Washington Veterans Corps: An In-Depth Look at One Successful Approach

In 2009, the Washington Commission for National and Community Service partnered with the Washington Department of Veterans Affairs (WDVA) to launch the first CNCS-funded Vet Corps program in the nation. The goal was to engage veterans in AmeriCorps national service positions that would help them make a positive difference in communities across the state and aid in their reintegration into the community after military service. Currently 32 AmeriCorps members participate in the program, including 26 veterans and six spouses of vets, two of whom are widows. Vets Corps members focus on three different areas:

  • Community-based efforts—This work engages veterans and soldiers in meeting the needs of military families while a family member is deployed and/or when the individual returns home. Vets Corps members recruit recent Iraq and Afghanistan veterans attending colleges and universities to participate in local service projects as a group or with other AmeriCorps programs.
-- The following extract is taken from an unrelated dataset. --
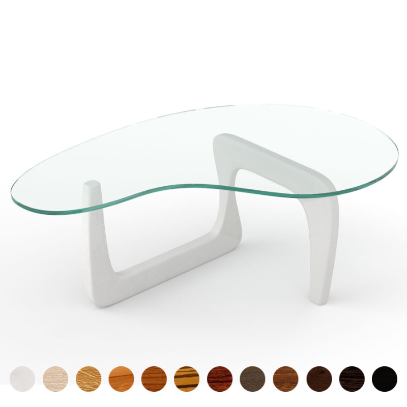 Luxus Couchtisch Niere mit Glasplatte und Massivholz Eiche-weiß Gestell Siena
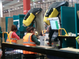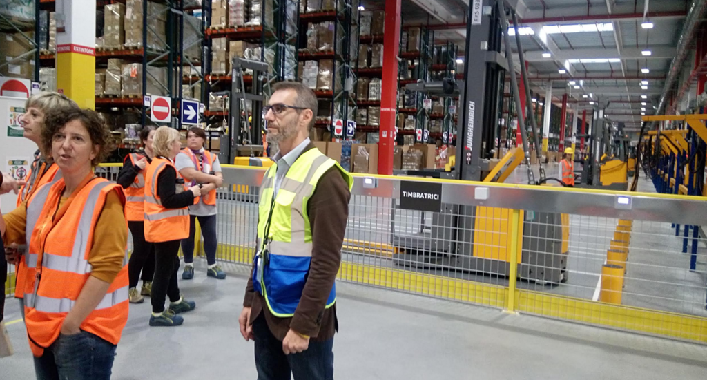 E' tutto immenso nel capannone - che un anno fa non c'era - e che è stato realizzato in nove mesi di lavoro e con un investimento di 65 milioni di euro: immensi i parcheggi, dove le auto dei dipendenti sono tutte ordinatamente disposte nella medesima direzione e dove gli stalli più comodi sono riservati al car sharing, alle bici, ai motorini e al "dipendente del mese"; gli spogliatoi con gli armadietti a combinazione numerica dove i dipendenti devono lasciare i loro effetti personali (cellulare in primis); la mensa con l'angolo ping pong e calcetto, i computer e la famosa scritta che riassume la filosofia aziendale: "Work hard, have fun, make history", ma dove ci sono anche i frigo e i forni a microonde per chi vuole portarsi il pranzo da casa; immensa è poi l'area di lavoro vera e propria, con gli oltre 400 scaffali per stoccare la merce, le decine di multetti che vanno e vengono, il settore per l'accoglienza e quello per la spedizione delle merci.

They connect veterans recovering from traumatic brain injury to services and to civilians who also are recovering from such injuries. And, they help homeless veterans find safe and affordable housing.
  • Vets clubs on college campuses—During its pilot year, the Vet Corps developed a memorandum of understanding with two and four-year college campuses. This led to the establishment of 15 vets clubs that offer a safe and supportive community for veterans on campus. The program works with veterans to navigate the enrollment process; assess their computer skills and get help in filling any gaps; become oriented to campus life; and take advantage of available resources. One big focus is helping veterans understand their G.I. benefits—in just one year more than 3,000 veterans were served in this way.
  • Warrior Transition Battalion—Vets Corps members conducted in-takes and out-takes on 300 soldiers in the Warrior Transition Battalion to connect them with crucial community services. The program ensured that Battalion members continued to access identified services for 30, 60, 90, and 180 days after discharge.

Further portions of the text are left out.